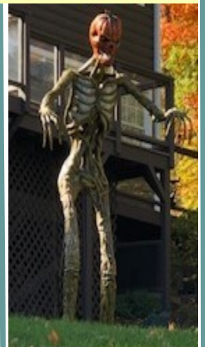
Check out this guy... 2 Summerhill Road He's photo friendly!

* * *

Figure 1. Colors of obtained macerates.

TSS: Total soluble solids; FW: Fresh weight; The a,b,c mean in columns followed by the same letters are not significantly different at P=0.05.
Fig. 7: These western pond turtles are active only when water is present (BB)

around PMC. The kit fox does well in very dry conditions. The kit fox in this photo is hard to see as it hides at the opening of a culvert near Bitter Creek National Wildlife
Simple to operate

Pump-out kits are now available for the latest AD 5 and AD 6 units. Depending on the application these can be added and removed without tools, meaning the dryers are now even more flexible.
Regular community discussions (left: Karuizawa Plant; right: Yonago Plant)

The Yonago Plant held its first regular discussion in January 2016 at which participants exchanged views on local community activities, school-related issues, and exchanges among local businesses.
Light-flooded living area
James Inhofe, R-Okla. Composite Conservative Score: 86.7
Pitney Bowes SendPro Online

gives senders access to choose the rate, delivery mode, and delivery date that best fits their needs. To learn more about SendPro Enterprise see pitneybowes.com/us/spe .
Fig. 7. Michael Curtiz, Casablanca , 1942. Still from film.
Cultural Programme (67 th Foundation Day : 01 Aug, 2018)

▸ What to work on
Copy verbatim, from the listing above, each line from the one containing "The Yonago Plant" down to the one containing "Cultural Programme (67", inclusive.

▸ Expected output
The Yonago Plant held its first regular discussion in January 2016 at which participants exchanged views on local community activities, school-related issues, and exchanges among local businesses.
Light-flooded living area
James Inhofe, R-Okla. Composite Conservative Score: 86.7
Pitney Bowes SendPro Online

gives senders access to choose the rate, delivery mode, and delivery date that best fits their needs. To learn more about SendPro Enterprise see pitneybowes.com/us/spe .
Fig. 7. Michael Curtiz, Casablanca , 1942. Still from film.
Cultural Programme (67 th Foundation Day : 01 Aug, 2018)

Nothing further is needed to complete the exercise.